Hudak says the coalition leaders hope efforts will increase graduation rates and college and trade school enrollment as well as help students develop those soft skills that are so important to career success.
“There’s definitely a gap in workplace readiness skills, or what we used to call soft skills. That is a consistent concern that I hear no matter where I go in the state,” she says.
“That’s why employer engagement is so important. We want students to have opportunities for job shadowing or internships so they learn about the world of work before they even decide on a career.”
Cosmas Curry, Stroudsburg Area School District superintendent, says he hopes the Pathways Coalition helps students realize the many career possibilities available right in their own backyard.
“We recognize that there’s a portion of our students that leave the county every year after graduation when they go off to college. But there is also a good percentage that may not go off to college, and we want them to realize that they can have a successful career in Monroe County even if they don’t go to a traditional four-year college,” he says.
Building Up STEM
“There are a lot of careers that require technical training, such as computer science and computer programming. We need 1 million programmers in our national workforce right now. That’s where we as educators can assist by putting in our curriculum coding courses and STEM courses,” Curry adds.

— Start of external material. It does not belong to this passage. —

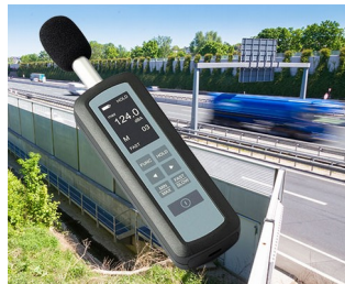
Noise level measurement

The Carbon, Schuylkill and Luzerne STEM Ecosystem is just one example of educators and the business community working together to create STEM learning opportunities for students. The system, organized by Lehigh Carbon Community College, unites schools, industry and economic development organizations to connect students to STEM career paths and arm them with employable skills.
“By that, we mean problem solving, teamwork, collaboration and understanding the design method because so many of those skills are what the businesses and industry in this area say we’re going to need if we’re going to have a strong workforce,” says Jeanne Miller, owner of Miller Educational Services and the CSL Learning Ecosystem lead.
Among the Ecosystem’s key programs are SHINE, a 42-week after-school and summer program that spotlights STEM careers, teacher trainings and educator- in-the-workplace opportunities.
“It’s important that all students possess those STEM skills to be competitive for 21st-century jobs in northeastern Pennsylvania. But that also means that all teachers need the tools and strategies to help equip students with those skills,” Miller says. “We’re also creating a parent toolkit because if we’re going to make a difference in these students, excite them and motivate them, we need parents to understand where the jobs are, what education is needed, what skills are needed and where their kids can go to get those skills.”